Required action: Write out, word for word, the part of the listing below that opens with the line containing "Lightweight Antique Corn" and closes with the line containing "A-Line White Dress", keeping both of those lines and adding no others.

:: Study material ::

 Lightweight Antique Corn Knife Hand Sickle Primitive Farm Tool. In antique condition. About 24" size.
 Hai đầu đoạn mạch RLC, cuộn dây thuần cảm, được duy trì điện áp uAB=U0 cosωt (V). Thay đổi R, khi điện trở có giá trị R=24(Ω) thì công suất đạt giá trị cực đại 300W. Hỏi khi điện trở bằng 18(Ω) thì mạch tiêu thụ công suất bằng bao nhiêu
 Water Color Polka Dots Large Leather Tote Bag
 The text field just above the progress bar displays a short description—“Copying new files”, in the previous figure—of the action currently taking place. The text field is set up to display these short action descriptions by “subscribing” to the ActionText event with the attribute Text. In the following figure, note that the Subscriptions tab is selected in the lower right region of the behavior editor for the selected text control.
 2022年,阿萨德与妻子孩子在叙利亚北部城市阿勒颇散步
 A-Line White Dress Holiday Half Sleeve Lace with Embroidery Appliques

:::
:: Study material ::

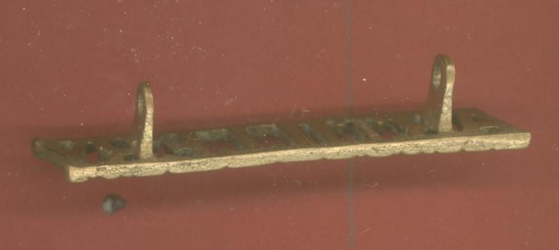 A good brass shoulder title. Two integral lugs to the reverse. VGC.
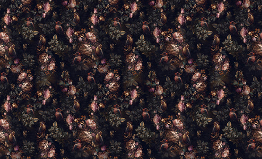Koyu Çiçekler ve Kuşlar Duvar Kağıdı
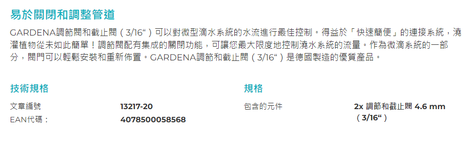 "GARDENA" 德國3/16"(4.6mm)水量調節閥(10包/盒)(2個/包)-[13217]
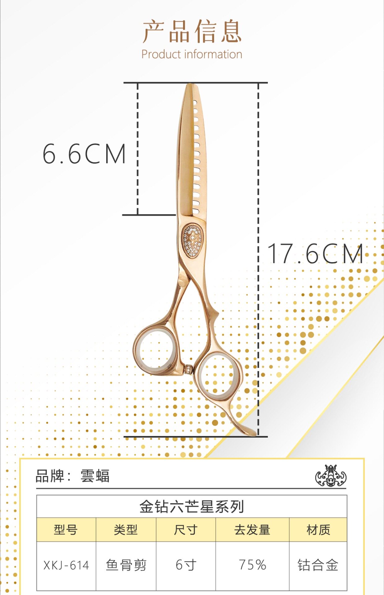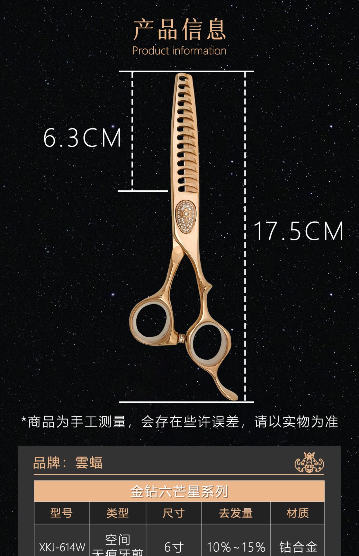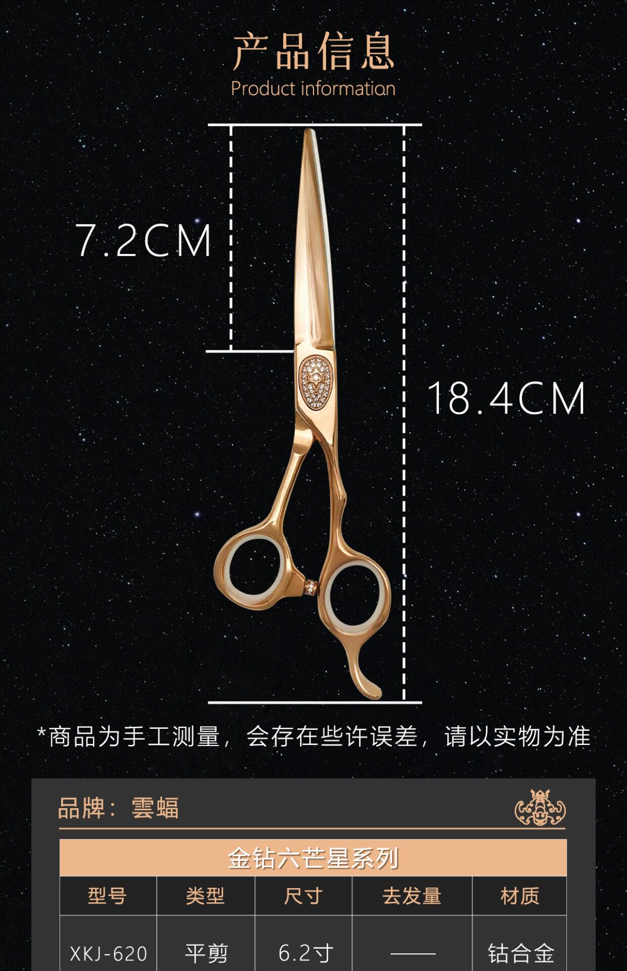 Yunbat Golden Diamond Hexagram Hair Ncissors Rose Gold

:::

Result of the exercise:
 Lightweight Antique Corn Knife Hand Sickle Primitive Farm Tool. In antique condition. About 24" size.
 Hai đầu đoạn mạch RLC, cuộn dây thuần cảm, được duy trì điện áp uAB=U0 cosωt (V). Thay đổi R, khi điện trở có giá trị R=24(Ω) thì công suất đạt giá trị cực đại 300W. Hỏi khi điện trở bằng 18(Ω) thì mạch tiêu thụ công suất bằng bao nhiêu
 Water Color Polka Dots Large Leather Tote Bag
 The text field just above the progress bar displays a short description—“Copying new files”, in the previous figure—of the action currently taking place. The text field is set up to display these short action descriptions by “subscribing” to the ActionText event with the attribute Text. In the following figure, note that the Subscriptions tab is selected in the lower right region of the behavior editor for the selected text control.
 2022年,阿萨德与妻子孩子在叙利亚北部城市阿勒颇散步
 A-Line White Dress Holiday Half Sleeve Lace with Embroidery Appliques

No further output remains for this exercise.